The case of the giant vegetables of Jose Carmen Garcia, Mexico:

The article below was published in the daily newspaper The Press Democrat, Santa Rosa, California, USA, page 39, February 10, 1980.

See the case file here.

Farmer's secret from outer space

SAN DIEGO (UP) -- Every now and then Bill Robinson takes the 10-pound onion out of his freezer and contemplates it.

Behind the gargantuan vegetable lies the strange tale, difficult to believe, of the wonder farmers from outer space.

Even if the explanation is nonsense, there is no denying the reality of the onion, or the photographs Robinson has of cabbages 3 feet wide and collard greens up to 5 feet long.

Robinson is the information officer for the San Diego police Department. Reporters generally give him high marks for credibility.

It was while vacationing in Mexico, Robinson said, that he was introduced to farmer Jose Carmen Garcia, a copyright report in San Diego Home and Garden magazine.

Garcia's produce is the wonder of the marketplace in Valle de Santiago, a village 280 miles northwest of Mexico City near Irapuato, he said. Townspeople gather to marvel at his eight pound onions, cabbages weighting from 44 to 60 pounds, and collard greens as big as palm fronds. Housewives swear they are as tender and tasty as normal-sized vegetables.

Yet, Garcia, 50, plows his 3-acre plot behind a mule or a horse, just like his neighbors, buys the same seed at the village general store, and does not use fertilizers.

A local photographer, Oscar Arredondo, intrigued by a radish the size of a softball asked Garcia his secret.

Garcia told him that in 1947, as a youth of 17 struggling to make ends meet on the farm inherited from his father, he met a stranger, who looked and talked like a Mexican peasant.

The stranger said he had been held captive by tall, fair humanoids in a tunnel beneath a nearby volcano. His captors spoke unintelligible gibberish, he said, and lived on the outsize vegetables.

He said he had memorized their magic formula; which he sketched on a scrap of paper. He told Garcia to concentrate on the symbols and that after a period of time, the "message" would become clear, then walked away.

After several sleepless nights, Garcia got the revelation - whatever it was - planted the seeds and has produced gigantic vegetables ever since.

Arredondo wrote about Garcia in the Irapuato newspaper, El Alacran and a Mexico city magazine, Impacto.

An imaginative Agriculture Ministry official took up on Garcia's challenge to prove his crop-growing prowess in a grow-off against nay farmer on a neutral soil.

The ministry laid out two 20-acre plots near Campo de Tangasneque in Tampico state in December 1978. The competing track was farmed by a team of ministry experts and local farmers handpicked from a nearby cooperative, using fertilizers.

At harvest time, the results were tallied.

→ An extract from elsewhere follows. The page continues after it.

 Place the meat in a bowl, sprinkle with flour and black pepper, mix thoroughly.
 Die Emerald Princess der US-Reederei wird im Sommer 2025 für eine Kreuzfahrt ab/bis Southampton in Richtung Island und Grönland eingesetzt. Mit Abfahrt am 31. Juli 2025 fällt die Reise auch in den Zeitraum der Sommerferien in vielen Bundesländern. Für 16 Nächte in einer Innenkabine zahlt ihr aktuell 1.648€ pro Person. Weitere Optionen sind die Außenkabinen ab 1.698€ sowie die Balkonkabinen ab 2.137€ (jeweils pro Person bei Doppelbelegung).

Garcia still has the tote sheets, he said, showing the ministry team averaged 30 tons of product per acre, compared to his 106 tons.

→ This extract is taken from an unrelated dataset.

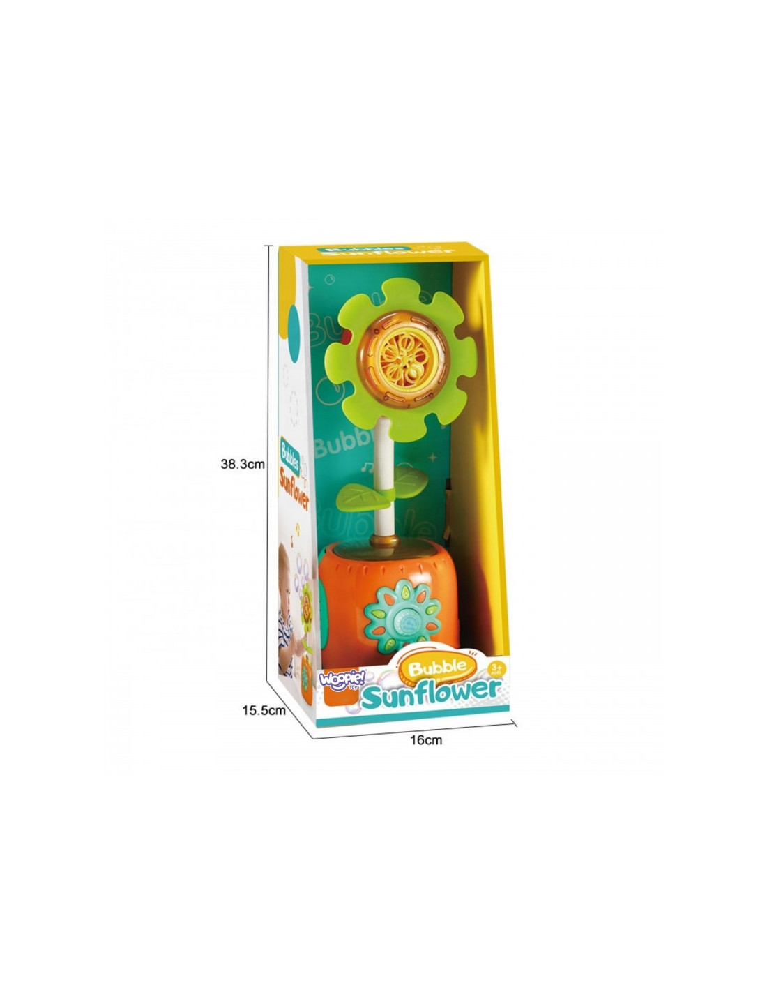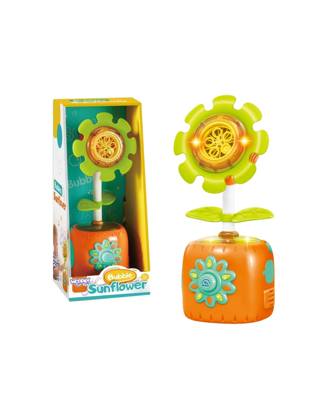 Pakelkite vaikų pramogas į kitą lygį su unikalia Woopie saulėgrąžų burbulų mašina! Šis neįtikėtinai spalvingas ir patrauklus saulėgrąžos formos žaislas traukia akį iš pirmo žvilgsnio. Vos vieno mygtuko paspaudimo ir iš spalvingos saulėgrąžos sprogs dešimtys mirgančių burbulų, džiuginančių kiekvieną vaiką. Lankstus saulėgrąžos stiebas leidžia išleisti burbulus iš bet kurios padėties. Papildomi šviesos efektai ir linksma muzika paverčia žaidimą tikru spektakliu, kuris įtraukia visus pojūčius ir garantuoja nepamirštamas akimirkas tiek viduje, tiek lauke.

A ministry official thanked Garcia for his time and told him he could sell the produce, disappointing Garcia, who had expected to be summoned to Mexico City to reveal the formula to the government, which did not even keep samples.

"Why isn't the world interested?" Arredondo asked Robinson in the chance sidewalk cafe encounter in Irapuato that put Robinson on Garcia's trail.

Robinson and Arredondo went to the farm north of town where Garcia presented Robinson with the monumental onion. Why didn't the government's experts give him recognition?

"Perhaps," he replied, "they took it personally."

[Photo caption:] UPI
Farmer Jose Carmen Garcia, right, and one of his giant cabbages, being held by Garcia's neighbor and Oscar Arredondo, center.